February 21, 2014 10:44 / 0 comments / peewee python sql

In case you've missed the last few releases, I've been busy adding some fun new features to peewee. While the changelog and the docs explain the new features and describe their usage, I thought I'd write a blog post to provide a bit more context.

Most of these features were requested by peewee users. I depend heavily on users like you to help me improve peewee, so thank you very much! Not only have your feature requests helped make peewee a better library, they've helped me become a better programmer.
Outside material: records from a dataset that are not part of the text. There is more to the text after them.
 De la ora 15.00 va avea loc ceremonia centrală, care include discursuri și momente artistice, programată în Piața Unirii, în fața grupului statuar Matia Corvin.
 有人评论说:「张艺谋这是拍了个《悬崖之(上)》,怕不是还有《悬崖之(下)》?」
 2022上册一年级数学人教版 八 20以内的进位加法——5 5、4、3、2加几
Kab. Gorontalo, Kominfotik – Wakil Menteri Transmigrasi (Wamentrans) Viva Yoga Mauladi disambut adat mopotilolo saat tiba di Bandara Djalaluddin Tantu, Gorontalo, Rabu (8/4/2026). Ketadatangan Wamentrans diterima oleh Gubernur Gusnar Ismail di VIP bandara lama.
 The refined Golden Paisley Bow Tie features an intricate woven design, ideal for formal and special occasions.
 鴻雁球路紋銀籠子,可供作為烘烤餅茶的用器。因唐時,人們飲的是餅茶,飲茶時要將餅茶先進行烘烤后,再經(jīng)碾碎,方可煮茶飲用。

So what's new in peewee? Here is something of an overview:

Hopefully some of those things sound interesting. In this post I will not be discussing everything, but will hit some of the highlights.

Window functions

Someone recently asked me whether peewee supported Postgresql's window functions. At the time peewee did not, as I kind of had mentally lumped window functions together under the "exotic SQL things you'll never use" category. After spending some time reading, I changed my mind and decided peewee absolutely needed to support window functions (I wanted to start using them on a side project, of course).
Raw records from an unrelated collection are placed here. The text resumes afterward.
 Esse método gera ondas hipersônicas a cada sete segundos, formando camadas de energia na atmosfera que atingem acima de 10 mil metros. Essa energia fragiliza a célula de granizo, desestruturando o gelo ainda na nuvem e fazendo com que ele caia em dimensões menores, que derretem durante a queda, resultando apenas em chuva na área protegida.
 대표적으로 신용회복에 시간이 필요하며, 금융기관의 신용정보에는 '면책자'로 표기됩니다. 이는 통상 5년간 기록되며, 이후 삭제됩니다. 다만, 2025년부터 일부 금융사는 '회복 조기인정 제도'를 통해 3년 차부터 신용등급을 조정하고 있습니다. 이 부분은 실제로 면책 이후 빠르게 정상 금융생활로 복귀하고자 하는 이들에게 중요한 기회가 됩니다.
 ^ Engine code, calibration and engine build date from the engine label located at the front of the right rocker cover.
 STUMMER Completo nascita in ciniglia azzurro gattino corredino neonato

If you're also new to window functions, there are many excellent guides online -- I really enjoyed these slides from a PGCon talk by Hitoshi Harada. My understanding is that window functions allow you mix multi-row aggregations with individual result rows. So window functions are kind of like aggregations, except applied to a subset of the result set, and then available throughout the result set.

Let's say we're tracking page-views on our site and want to look at response times to see which pages are slow. To get the average response time for a page, you would use normal SQL aggregates to write something like:

query = (PageView
         .select(PageView.url, fn.AVG(PageView.response_time))
         .group_by(PageView.url)
         .order_by(fn.AVG(PageView.response_time).desc())
         .tuples())

This type of query is fine, but it doesn't really give us an indication of how each individual page-view contributed to the average. It would be cool if we could get an idea of which individual page-views were slower than average.
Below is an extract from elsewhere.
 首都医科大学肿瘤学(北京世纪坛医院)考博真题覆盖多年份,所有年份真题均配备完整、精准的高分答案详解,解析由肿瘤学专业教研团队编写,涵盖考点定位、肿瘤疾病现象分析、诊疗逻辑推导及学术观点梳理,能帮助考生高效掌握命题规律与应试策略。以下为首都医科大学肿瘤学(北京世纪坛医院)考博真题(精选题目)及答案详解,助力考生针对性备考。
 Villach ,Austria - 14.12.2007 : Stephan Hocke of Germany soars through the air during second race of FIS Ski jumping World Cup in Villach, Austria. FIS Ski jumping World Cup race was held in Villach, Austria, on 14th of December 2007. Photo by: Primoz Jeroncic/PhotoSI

What if we wanted to list out all the PageViews, sorted by how much slower they were than the average response time of requests to the same URL? That is, display the difference between the PageView's response time and the average response time for other requests to the same URL. To do that, we can use window functions. We will take the average of the response time then partition it by the requested URL:

window = fn.AVG(PageView.response_time).over(partition_by=[PageView.url])
query = (PageView
         .select(
             PageView.url,
             PageView.response_time,
             window.alias('avg_response'),
             (PageView.response_time - window).alias('difference'),
             PageView.timestamp)
         .order_by(SQL('difference').desc()))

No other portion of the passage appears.